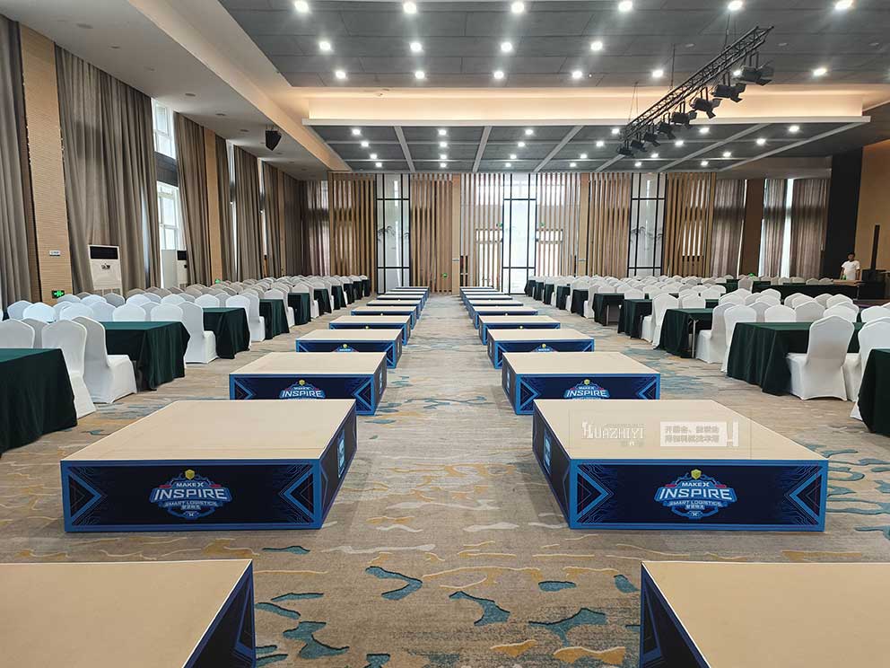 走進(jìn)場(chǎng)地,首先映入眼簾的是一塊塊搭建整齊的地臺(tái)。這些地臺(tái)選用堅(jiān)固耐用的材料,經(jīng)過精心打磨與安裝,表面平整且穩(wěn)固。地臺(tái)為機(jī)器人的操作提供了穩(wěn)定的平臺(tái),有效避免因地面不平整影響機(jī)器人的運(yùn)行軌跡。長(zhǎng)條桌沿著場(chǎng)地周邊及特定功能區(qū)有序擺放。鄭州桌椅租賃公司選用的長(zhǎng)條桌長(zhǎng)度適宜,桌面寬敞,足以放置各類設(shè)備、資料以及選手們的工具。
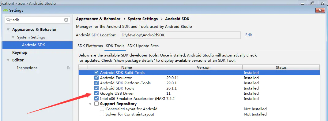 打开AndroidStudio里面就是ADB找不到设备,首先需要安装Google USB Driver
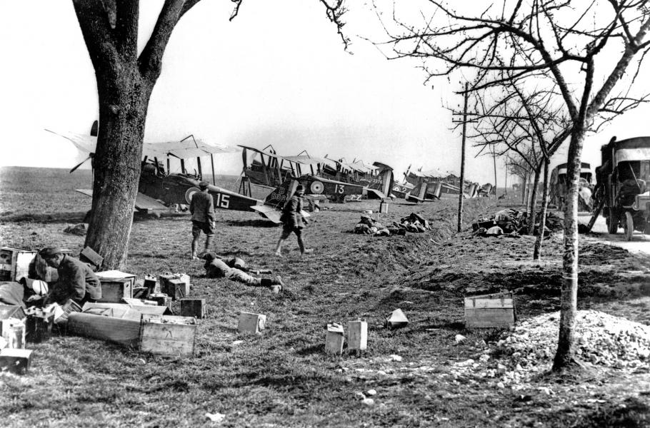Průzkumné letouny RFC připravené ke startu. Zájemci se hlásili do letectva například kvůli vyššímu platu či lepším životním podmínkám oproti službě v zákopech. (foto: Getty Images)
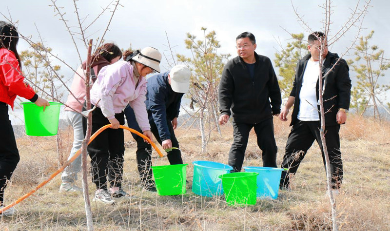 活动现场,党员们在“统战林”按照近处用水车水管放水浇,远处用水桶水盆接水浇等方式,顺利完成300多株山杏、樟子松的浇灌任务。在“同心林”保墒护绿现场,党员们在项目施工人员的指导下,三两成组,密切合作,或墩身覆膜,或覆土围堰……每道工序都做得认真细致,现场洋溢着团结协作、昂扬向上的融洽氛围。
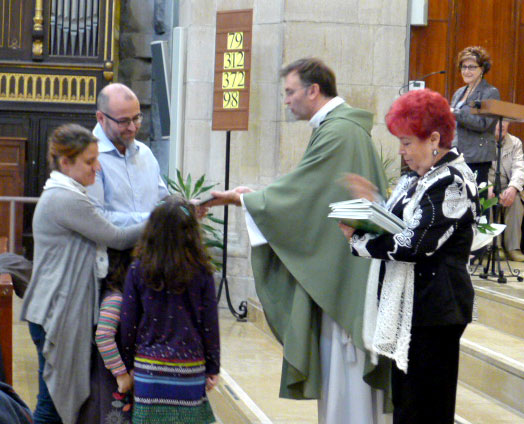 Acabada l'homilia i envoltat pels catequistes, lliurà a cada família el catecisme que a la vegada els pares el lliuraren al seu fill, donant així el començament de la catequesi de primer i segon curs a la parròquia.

▶ _Problem statement_
Omit the pictures, then extract verbatim only those lines that fall between the line containing "Průzkumné letouny RFC" and the final line of the records above, both included.

▶ _Answer for the task_
Průzkumné letouny RFC připravené ke startu. Zájemci se hlásili do letectva například kvůli vyššímu platu či lepším životním podmínkám oproti službě v zákopech. (foto: Getty Images)
 活动现场,党员们在“统战林”按照近处用水车水管放水浇,远处用水桶水盆接水浇等方式,顺利完成300多株山杏、樟子松的浇灌任务。在“同心林”保墒护绿现场,党员们在项目施工人员的指导下,三两成组,密切合作,或墩身覆膜,或覆土围堰……每道工序都做得认真细致,现场洋溢着团结协作、昂扬向上的融洽氛围。
 Acabada l'homilia i envoltat pels catequistes, lliurà a cada família el catecisme que a la vegada els pares el lliuraren al seu fill, donant així el començament de la catequesi de primer i segon curs a la parròquia.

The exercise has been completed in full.